■ Instructions to follow ■
Everything in the data below is left aside except the lines from the one containing "Divus Constantine I, died" through the one containing "अहिल्यानगर (प्रतिनिधी):-सशस्त्र सेना"; repeat those exactly.

■ Source data ■

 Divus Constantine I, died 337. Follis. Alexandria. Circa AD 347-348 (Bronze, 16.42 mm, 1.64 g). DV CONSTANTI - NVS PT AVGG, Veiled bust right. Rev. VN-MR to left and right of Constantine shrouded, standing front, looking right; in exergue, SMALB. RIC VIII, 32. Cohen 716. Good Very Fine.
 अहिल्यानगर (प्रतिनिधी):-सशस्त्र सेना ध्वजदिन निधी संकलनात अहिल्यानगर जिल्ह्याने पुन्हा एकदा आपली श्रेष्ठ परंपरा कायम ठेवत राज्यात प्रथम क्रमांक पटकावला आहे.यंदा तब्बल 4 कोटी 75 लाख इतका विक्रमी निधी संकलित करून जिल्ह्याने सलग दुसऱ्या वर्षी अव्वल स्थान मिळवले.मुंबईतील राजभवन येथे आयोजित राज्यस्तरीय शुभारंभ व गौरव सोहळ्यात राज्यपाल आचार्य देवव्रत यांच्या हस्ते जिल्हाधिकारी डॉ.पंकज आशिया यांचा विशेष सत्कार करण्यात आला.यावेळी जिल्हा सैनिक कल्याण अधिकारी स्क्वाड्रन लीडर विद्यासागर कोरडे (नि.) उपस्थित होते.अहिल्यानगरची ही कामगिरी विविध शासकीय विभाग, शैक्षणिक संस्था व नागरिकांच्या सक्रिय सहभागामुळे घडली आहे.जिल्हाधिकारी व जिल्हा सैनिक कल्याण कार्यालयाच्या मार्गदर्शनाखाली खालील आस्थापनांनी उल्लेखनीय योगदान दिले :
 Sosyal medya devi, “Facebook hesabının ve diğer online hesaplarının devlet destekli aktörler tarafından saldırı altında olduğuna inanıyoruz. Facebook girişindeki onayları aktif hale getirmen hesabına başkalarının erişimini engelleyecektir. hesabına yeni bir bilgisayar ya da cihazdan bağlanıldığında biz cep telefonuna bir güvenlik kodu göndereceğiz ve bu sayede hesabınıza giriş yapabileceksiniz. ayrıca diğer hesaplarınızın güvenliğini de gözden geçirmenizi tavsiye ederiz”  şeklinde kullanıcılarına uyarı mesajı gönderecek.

--

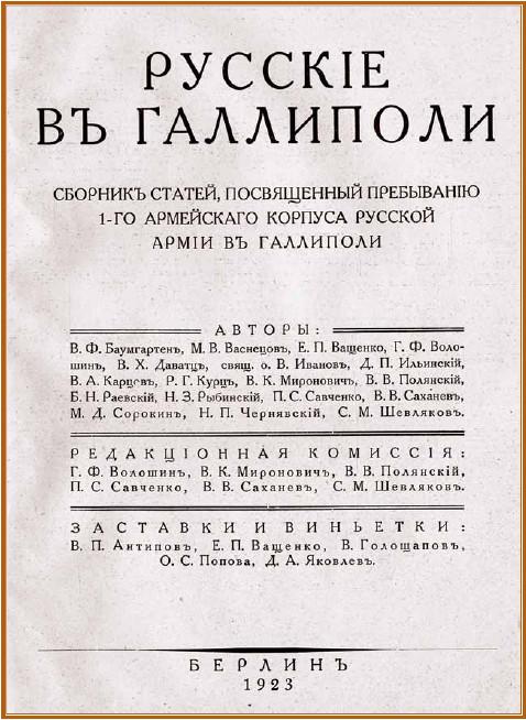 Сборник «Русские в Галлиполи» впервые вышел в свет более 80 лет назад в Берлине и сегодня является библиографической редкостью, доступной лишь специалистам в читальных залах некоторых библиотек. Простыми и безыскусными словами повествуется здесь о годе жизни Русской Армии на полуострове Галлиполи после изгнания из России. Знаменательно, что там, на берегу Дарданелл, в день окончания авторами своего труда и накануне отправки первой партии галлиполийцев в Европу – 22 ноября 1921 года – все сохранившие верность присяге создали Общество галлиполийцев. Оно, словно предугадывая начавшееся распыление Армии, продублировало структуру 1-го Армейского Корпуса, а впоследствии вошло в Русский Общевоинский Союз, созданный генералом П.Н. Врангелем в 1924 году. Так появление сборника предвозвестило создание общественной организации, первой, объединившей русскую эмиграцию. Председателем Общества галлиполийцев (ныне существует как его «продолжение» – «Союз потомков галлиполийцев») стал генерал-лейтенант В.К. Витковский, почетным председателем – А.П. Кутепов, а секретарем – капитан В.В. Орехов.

■ Completed task ■
 Divus Constantine I, died 337. Follis. Alexandria. Circa AD 347-348 (Bronze, 16.42 mm, 1.64 g). DV CONSTANTI - NVS PT AVGG, Veiled bust right. Rev. VN-MR to left and right of Constantine shrouded, standing front, looking right; in exergue, SMALB. RIC VIII, 32. Cohen 716. Good Very Fine.
 अहिल्यानगर (प्रतिनिधी):-सशस्त्र सेना ध्वजदिन निधी संकलनात अहिल्यानगर जिल्ह्याने पुन्हा एकदा आपली श्रेष्ठ परंपरा कायम ठेवत राज्यात प्रथम क्रमांक पटकावला आहे.यंदा तब्बल 4 कोटी 75 लाख इतका विक्रमी निधी संकलित करून जिल्ह्याने सलग दुसऱ्या वर्षी अव्वल स्थान मिळवले.मुंबईतील राजभवन येथे आयोजित राज्यस्तरीय शुभारंभ व गौरव सोहळ्यात राज्यपाल आचार्य देवव्रत यांच्या हस्ते जिल्हाधिकारी डॉ.पंकज आशिया यांचा विशेष सत्कार करण्यात आला.यावेळी जिल्हा सैनिक कल्याण अधिकारी स्क्वाड्रन लीडर विद्यासागर कोरडे (नि.) उपस्थित होते.अहिल्यानगरची ही कामगिरी विविध शासकीय विभाग, शैक्षणिक संस्था व नागरिकांच्या सक्रिय सहभागामुळे घडली आहे.जिल्हाधिकारी व जिल्हा सैनिक कल्याण कार्यालयाच्या मार्गदर्शनाखाली खालील आस्थापनांनी उल्लेखनीय योगदान दिले :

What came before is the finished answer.